Maina Kageni is very unhappy with Sakaja for crying in the public

Classic 105 presenter Maina Kageni

Radio host Maina Kageni recently voiced his disapproval of Nairobi Governor Johnson Sakaja for crying in public, stating that while it is not wrong for a man to cry, doing so publicly is not acceptable.

During their Tuesday morning conversation on Classic 105, Maina expressed his views, asserting that African men have become soft and weak, and should hold their emotions and express them in private, such as in the bedroom or the toilet.

"You cannot cry as an African man in public. African men have become so soft, so weak. When you start crying and your wife cries who is the leader? An African man should hold his emotions and wait to express them in the bedroom or the toilet. Your father cried a lot but you never saw him," Maina said.


Maina further commented that African men are supposed to display strength to those around them, and that there is something inherently wrong about African men crying in public.

He compared Kenyan men to Russian men, whom he perceives as very strong and not prone to public displays of emotion.

"You are supposed to show strength to those around you. There is something so wrong about African men crying in public. Kenyan men are like Russian men, very strong. You cannot go crying out in public. It felt so strong," he said.


Maina's comments came in response to Governor Sakaja's emotional moment during the launch of the Nairobi School Feeding Programme at Roysambu Primary School.

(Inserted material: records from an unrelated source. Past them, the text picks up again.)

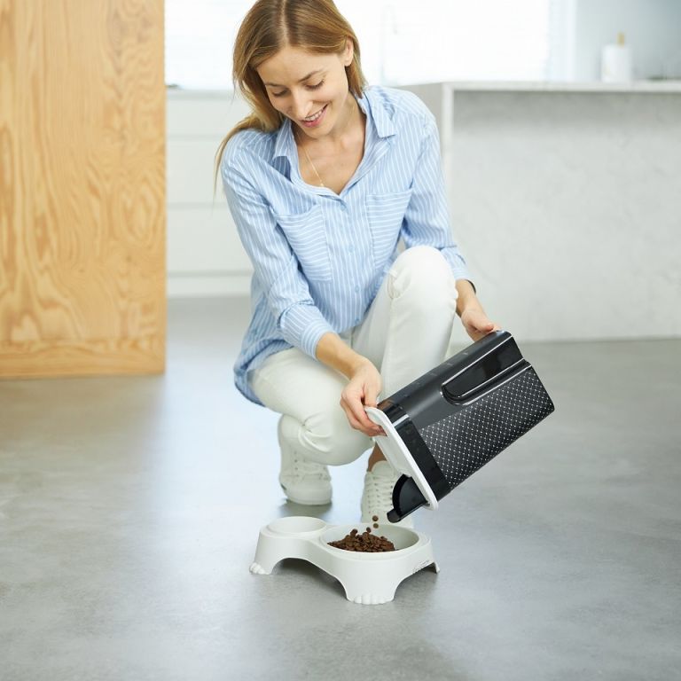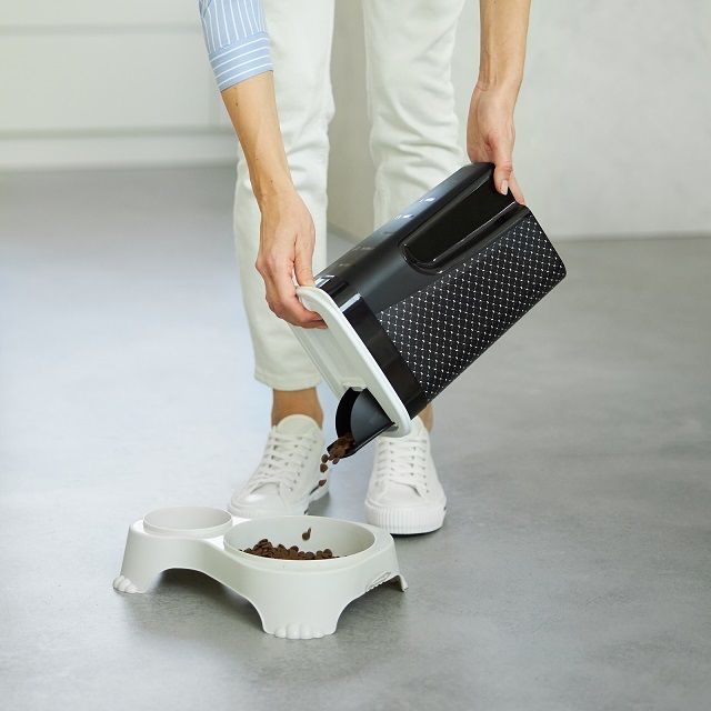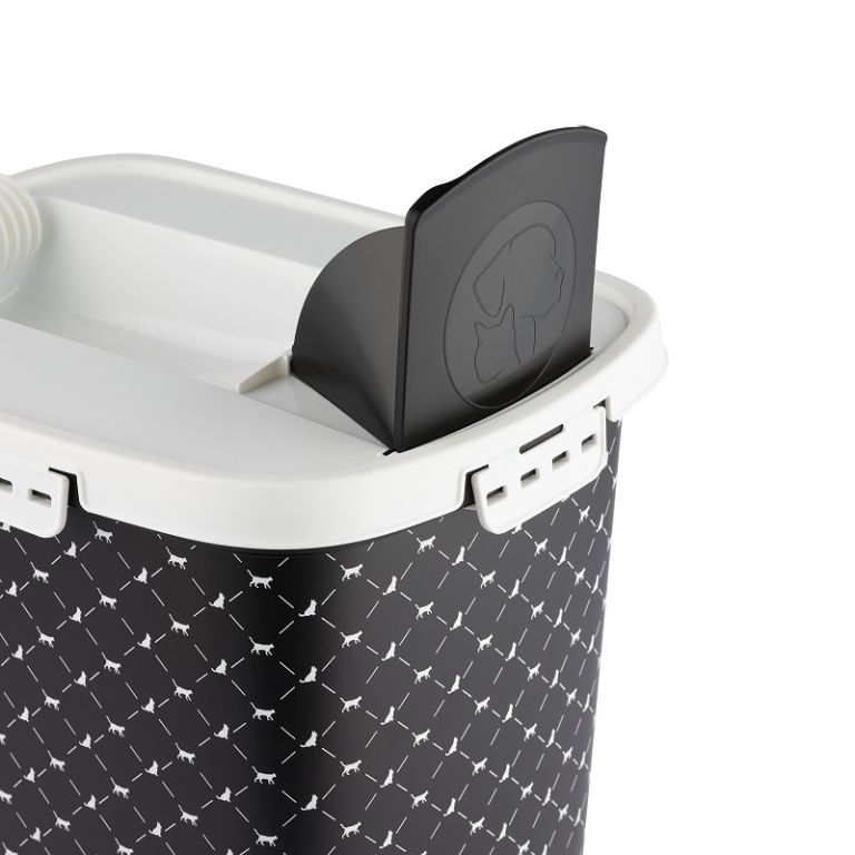 Úložný box na suché krmivo pro jednoduché dávkování a odsypávání krmiva díky vyklápěcímu dávkovači ve víku. Ergonomický tvar umožňuje pohodlné uchopení. Díky své velikosti lze nádobu pohodlně mýt v myčce na nádobí.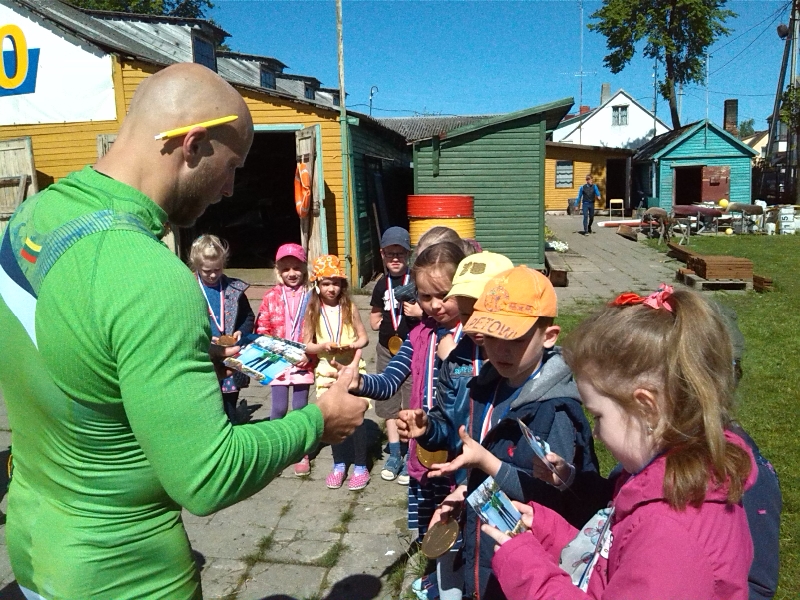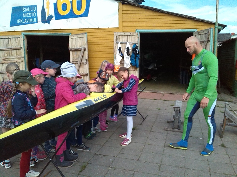 2017 m. gegužės 22 d. priešmokyklinio ugdymo grupės ugdytiniai vyko į Šiaulių irklavimo bazę. Ten olimpietis Aurimas Lankas supažindino vaikus su baidare, papasakojo ir parodė, kaip sportininkai treniruojasi ruošdamiesi varžyboms.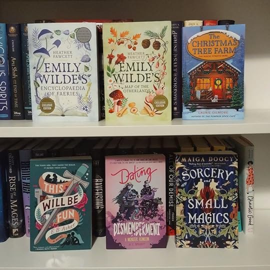 Image 4: Emily Wilde’s Encyclopaedia of Fairies by Heather Fawcett, Emily Wilde’s Map of the Otherlands by Heather Fawcett, The Christmas Tree Farm by Laurie Gilmore, This Will Be Fun by E.B. Asher, Dating & Dismemberment by A.L. Brody, Sorcery and Small Magics by Maiga Doocy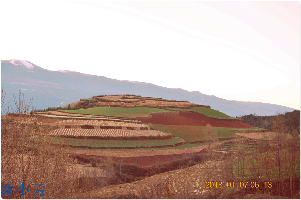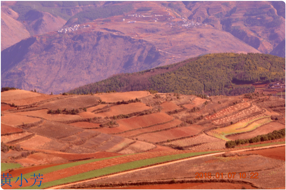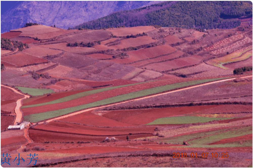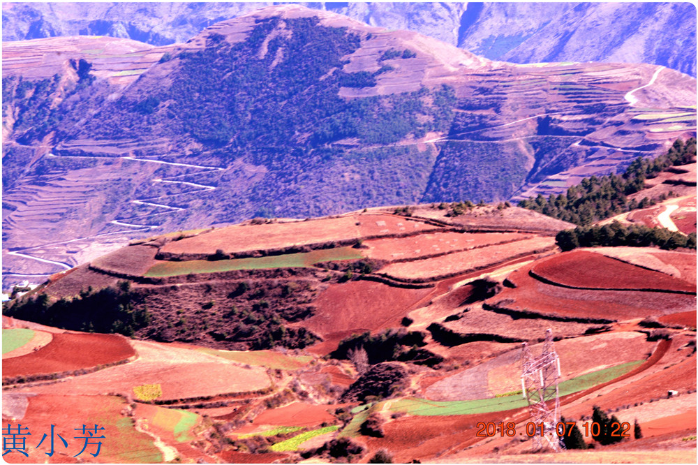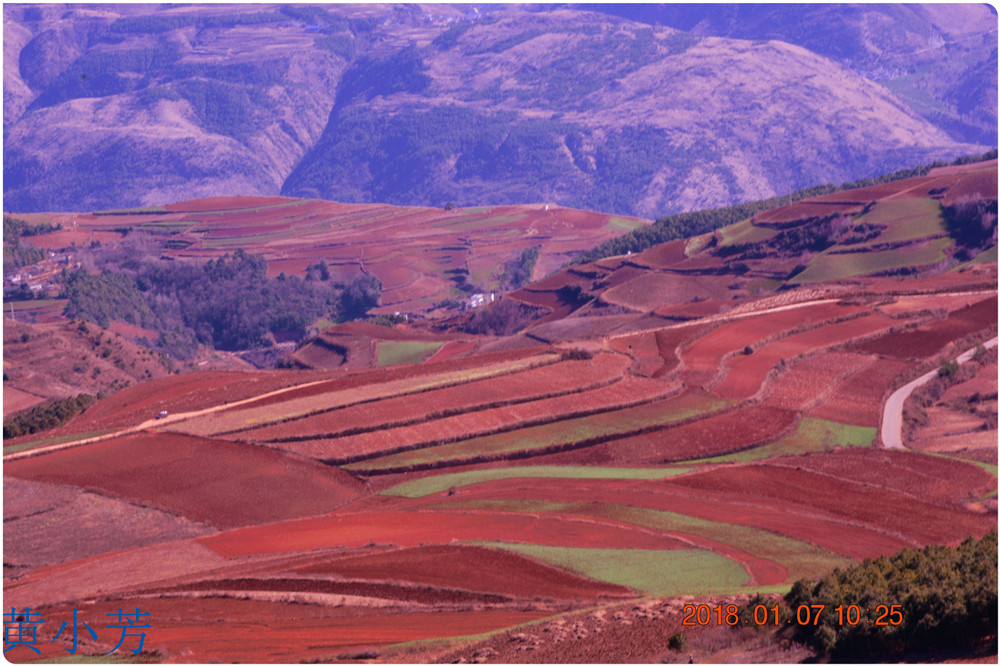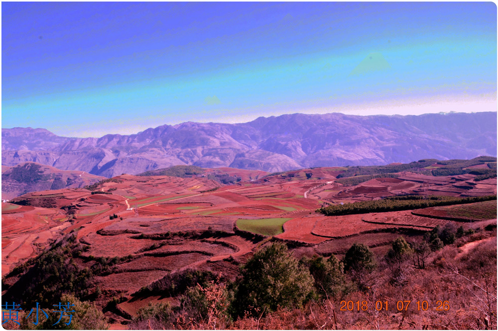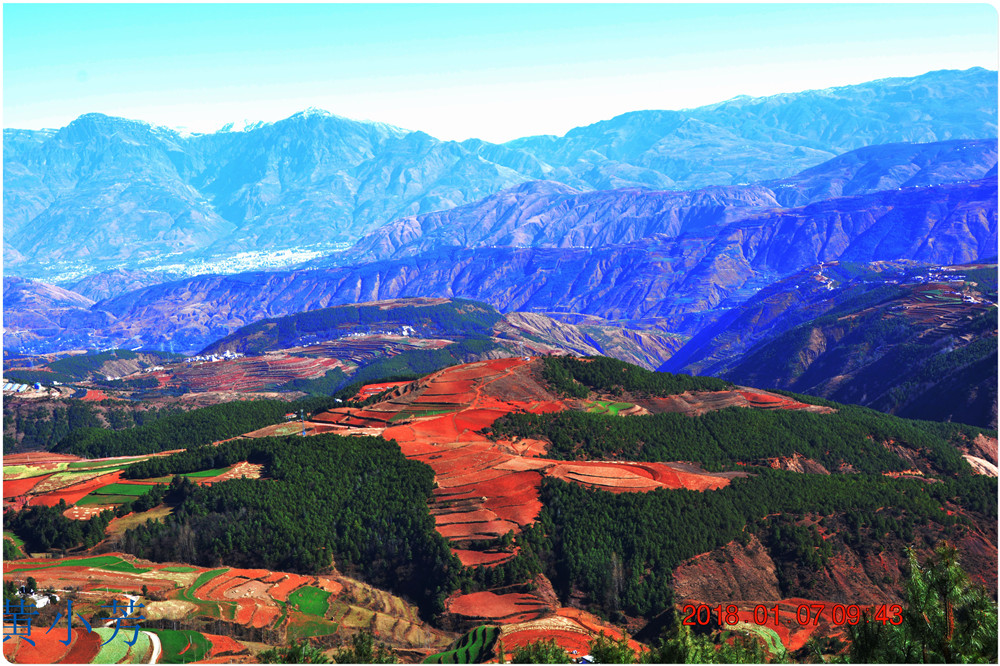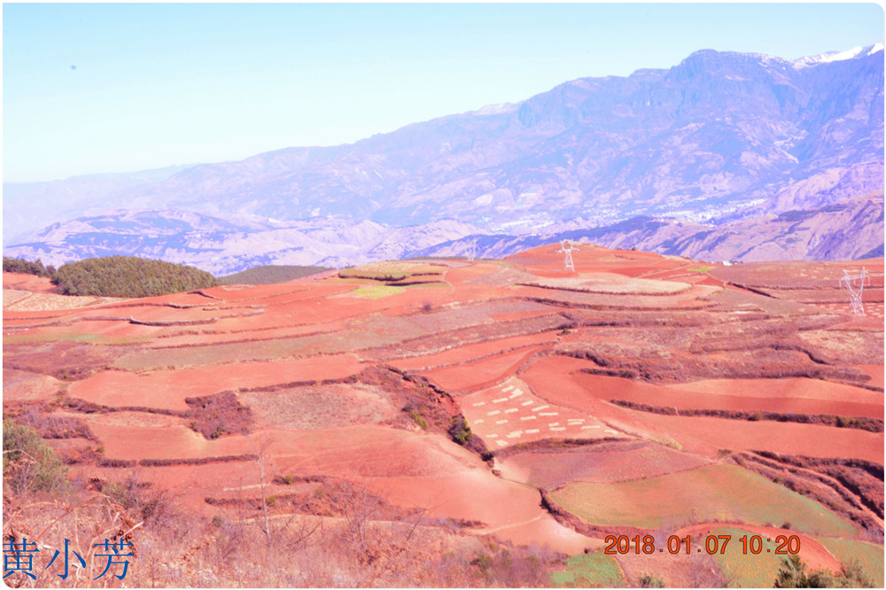 云南地處溫暖濕潤(rùn)的環(huán)境,土壤里的鐵質(zhì)經(jīng)過(guò)氧化慢慢沉積下來(lái),逐漸形成了炫目的色彩。東川紅土地指的是位于昆明市東川區(qū)西南40多公里的紅土地鎮(zhèn)、有一名叫“花石頭”(在109公里程碑處)的地方,這里方圓近百里的區(qū)域是云南紅土高原上最集中、最典型、最具特色的紅土地。每年9至12月,一部分紅土地翻根待種,另一部分紅土地已經(jīng)種上綠綠的青稞或小麥和其他農(nóng)作物,遠(yuǎn)遠(yuǎn)看去,就像上天涂抹的色塊,色彩絢麗斑斕,襯以藍(lán)天、白云和那變幻莫測(cè)的光束,構(gòu)成了紅土地壯觀的景色。

Governor Sakaja was moved to tears while speaking about the programme, expressing his empathy for the children.

He wiped away tears and struggled to find the right words to convey his emotions, stating that it was the pain of these children that moved him.


President Ruto reassured the governor of the government's commitment to ending hunger in the country, expressing solidarity with Sakaja's sentiments.

Ruto emphasized the need to eliminate the shame of hunger in the republic and outlined the government's plans to grow more food and enhance the school feeding programme.

Sakaja's initiative aims to provide free meals to school children in public schools and ECDEs in Nairobi through the Dishi na County School Feeding Programme.

The governor has allocated a budget of Sh1.2 billion per annum for the program and initiated the construction of central kitchens in ten sub-counties.


The construction of the central kitchens is expected to be completed within ten weeks, with the first meal set to be served on the first day of the third term of the school year.

The sub-counties involved in the program include Dagoretti North, Embakasi Central, Embakasi South, Kasarani, Kibra, Makadara, Starehe, Roysambu, Ruaraka, and Westlands.